# wax over tung oil?



## ripjack13 (Feb 2, 2012)

I'm in the process of making 1911 wood grips and used tung oil on some Koa and it just didn't look shiny enough. Can I use wax over it? Or do I need to strip it down? I looked for wax finish on the search here but there was just way too many topics and I didn't want to go through all 2000 topics looking...any suggestions on this for a n00b grip maker?


----------



## cabinetman (Jul 5, 2007)

What Tung oil did you use, and how much did you apply?








 







.


----------



## Just Bill (Dec 29, 2008)

I used multiple coats of tung oil on a TC Hawken(black walnut) .50 many years ago. I periodically go over it with a coat of Butchers wax. Still looks like new. Black powder, water, nothing seems to bother it.


----------



## chemmy (Dec 13, 2011)

ripjack13 said:


> I'm in the process of making 1911 wood grips and used tung oil on some Koa and it just didn't look shiny enough. Can I use wax over it? Or do I need to strip it down? I looked for wax finish on the search here but there was just way too many topics and I didn't want to go through all 2000 topics looking...any suggestions on this for a n00b grip maker?


Are they smooth grips or heavily checkered -carved-ect.?
If smooth just keep applying more tung, and burnish them more with burlap then cotton cloths. if ornamental, then still give them more coats and do the same and expect to wax them several times as the last steps ok?:yes:

PS: if your using pure raw tung try switching to "polymerized" tung for better build and gloss ok? I've done several stocks with polymerized tung that when rubbed down give an excellent high sheen.


----------



## ripjack13 (Feb 2, 2012)

I used pure tung from Woodcraft.
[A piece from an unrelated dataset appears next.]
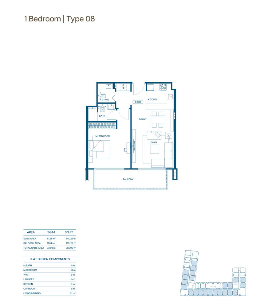 - Stylish and efficient 1-bedroom layout

About 3-4 coats. Grips are smooth ebony. And another is Koa.


----------



## chemmy (Dec 13, 2011)

ripjack13 said:


> I used pure tung from Woodcraft. About 3-4 coats. Grips are smooth ebony. And another is Koa.


Try the polymerized tung, you'll be glad you did. the mineral spirits sytem not the citrus solvent system!!

http://www.sutherlandwelles.com/products/tung-oil/


----------



## ripjack13 (Feb 2, 2012)

Thanx..I'll check out that stuff this weekend.


----------



## ripjack13 (Feb 2, 2012)

chemmy said:


> Try the polymerized tung, you'll be glad you did. the mineral spirits sytem not the citrus solvent system!!
> 
> http://www.sutherlandwelles.com/products/tung-oil/


Any specific one? they list four of them when I mouse over the polymerized tung and there's 2 that have the mineral spirits. Either the 
*Original Formula*

Interior applications only. Available in Sealer, Low, Medium and High Lustre. This formulation uses a highly refined mineral spirit solvent system.


OR the 

*Exterior Polymerized Tung Oil*

Exterior applications only. Available in Exterior Sealer and Medium Lustre. Formulated with our highly refined mineral spirit solvent, two ultraviolet guards and a mildewcide to protect the cured surface.


Obviously the grips might be subjected to outside weather, so shall I go with the Exterior product?

And thanx for the answers guys! you rock!


----------



## chemmy (Dec 13, 2011)

ripjack13 said:


> Any specific one? they list four of them when I mouse over the polymerized tung and there's 2 that have the mineral spirits. Either the
> *Original Formula*
> 
> Interior applications only. Available in Sealer, Low, Medium and High Lustre. This formulation uses a highly refined mineral spirit solvent system.
> ...


Absolutely!! exerior!!


----------



## ripjack13 (Feb 2, 2012)

Thanx. Just ordered some.


----------